長さ30cmほど、例えるならバスケットボール選手が履くシューズ並みにデカい。
そして、とにかく分厚い。
どう少なく見積もっても25mmくらいある。もはやピザトーストに近い仕上がりだと感じた。ご丁寧に切り込みが入っていて、フォークでちぎり取りやすくしてある。プラスチック製のヨボヨボのフォークでもすんなりと切れるフワフワな分厚いピザを口に運ぶ。
これがメチャクチャ美味い。
ジャンクフードのお手本のような味だ。
一番驚いたのは、
ピザの底面が揚げてあるということ。
カリカリサクサクの底面の食感と、分厚い生地のフワフワ感のコントラストが大変素晴らしい。なおかつ軽い口当たりなのでスイスイと食べられる。えげつないくらいカロリーを摂取させる食べ物だ。正直、底面を揚げてあるピザを食べたのはこれが初めてで、あるようで無かった発想に驚かされた。しかし、食べたことがない人でも容易に想像出来るように、これが抜群に美味い。これはもはやピザというより、"SPONTINI"のオリジナルメニューと言っても過言ではないかもしれない。

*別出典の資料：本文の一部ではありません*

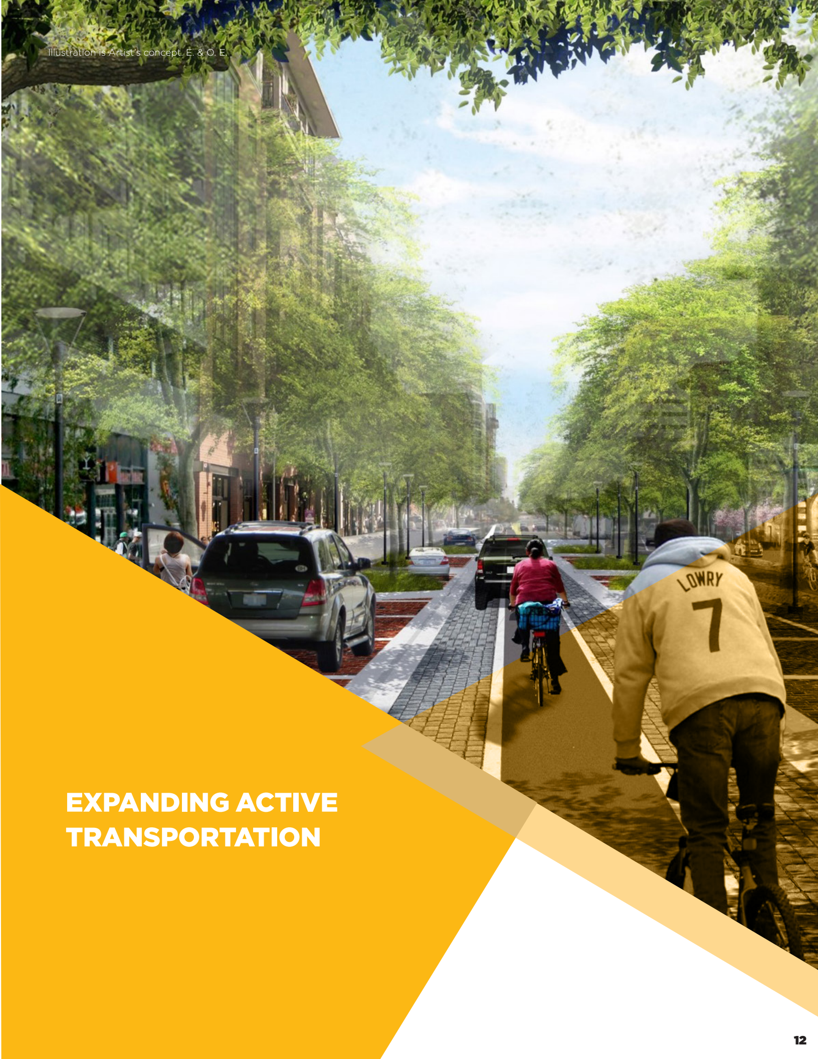
Illustration is Artist's concept. E. & O. E.
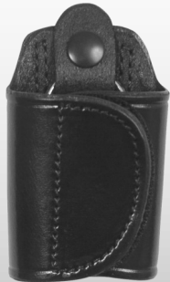
S504 [Silent Key Holder]
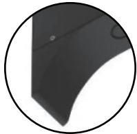
AXL-A-BR Die-cast Arm
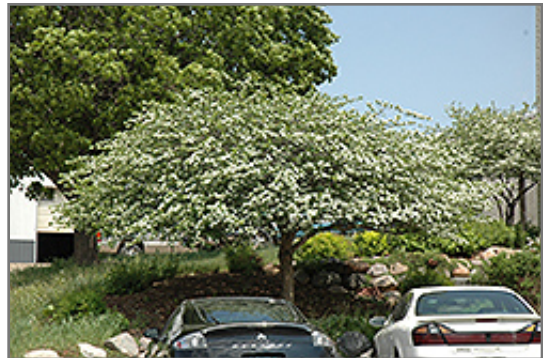
Thornless Cockspur Hawthorn in bloom
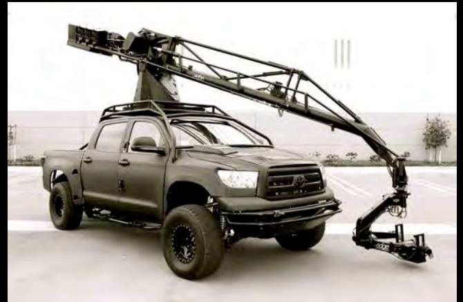
--Edge Off-Road Truck with Edge Crane and Edge Head--
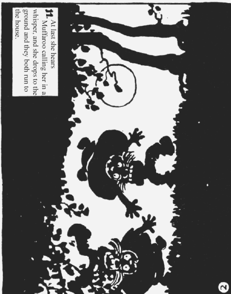
11. At last she hears Muffaroo calling her in a whisper, and she drops to the ground and they both run to the house.

Lovekins and Muffaroo are sitting in the window-seat, looking out at the moon. It is ten minutes past ten, and rather late for little people to go out, but Lovekins wants to go.
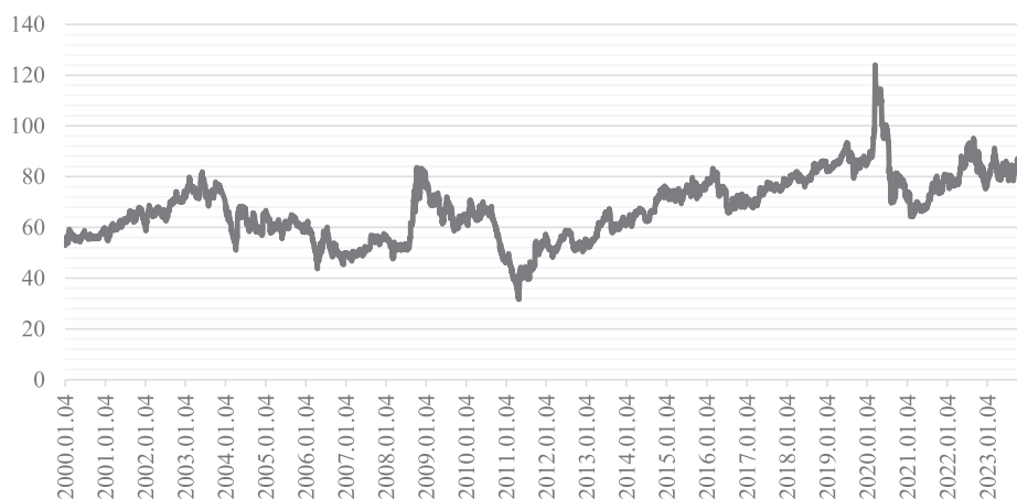
Figure 1. Price relation between gold and silver (gold/silver ratio) in the period 2000–2023

Adding to that, relating our findings to gold/silver ratio from the previous centuries, as we entered the 21 st century, irreversible changes in monetary policy took place, which meant that we no longer have to deal with the gold/silver ratio at such levels as in the 19 th and 20 th centuries. However, it can be noticed some repeatability in the channels (Figure 1) in which this ratio moves and the value of the 80:1 level for trends, which is both the level of support and resistance.
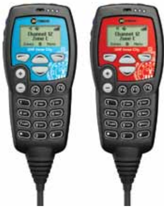
Custom lenses allow easy identification of multiple radios in the same vehicle*
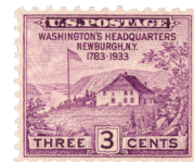
Issued for the 150th anniversary of the proclamation of peace, this stamp pictures his headquarters at the Hasbrouck House in Newburgh, New York.

News of these preliminary agreements took time to cross the Atlantic. Communication depended on ships, which could take weeks or months to arrive. By early 1783, word had reached North America that a ceasefire had been agreed upon. On April 11, Congress formally proclaimed a cessation of hostilities. Washington then issued his own orders to the army on April 18, 1783, to ensure that the message reached his troops clearly and directly.
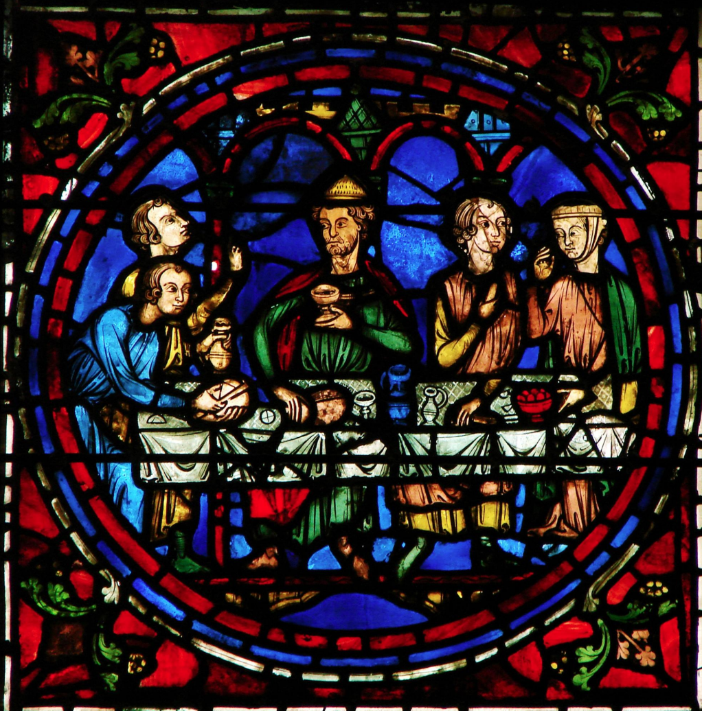
Detail of the Last Supper, 13th c., Chartres Cathedral, France
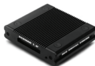
1 – RedMag SSD Reader w/power supply
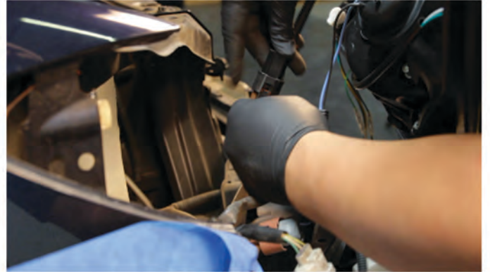
12) Connect the high beam harness to the Spyder headlight.
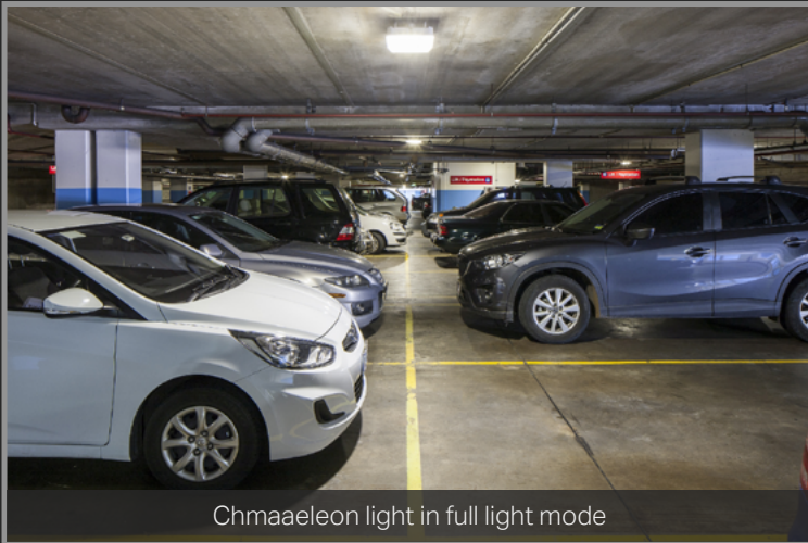
Chamaeleon light in full light mode

We are a privately owned Australian innovation company. The enLighten product range is designed by us and manufactured exclusively for us.

2人でシェアして食べたとはいえ、あんなに巨大な1カットピザを食べたにも関わらず、全く胃もたれしなかった。恐るべきピザである。ミラノから帰国してから知ったのだが、実はこの"SPONTINI"、日本にもあるらしい。それも渋谷や原宿など、東京のど真ん中で、しかも若者のブームになっているとのこと。近々、国内のお店を訪れ、本場ミラノとの違いはいかほどのものなのか、是非検証してみようと思う。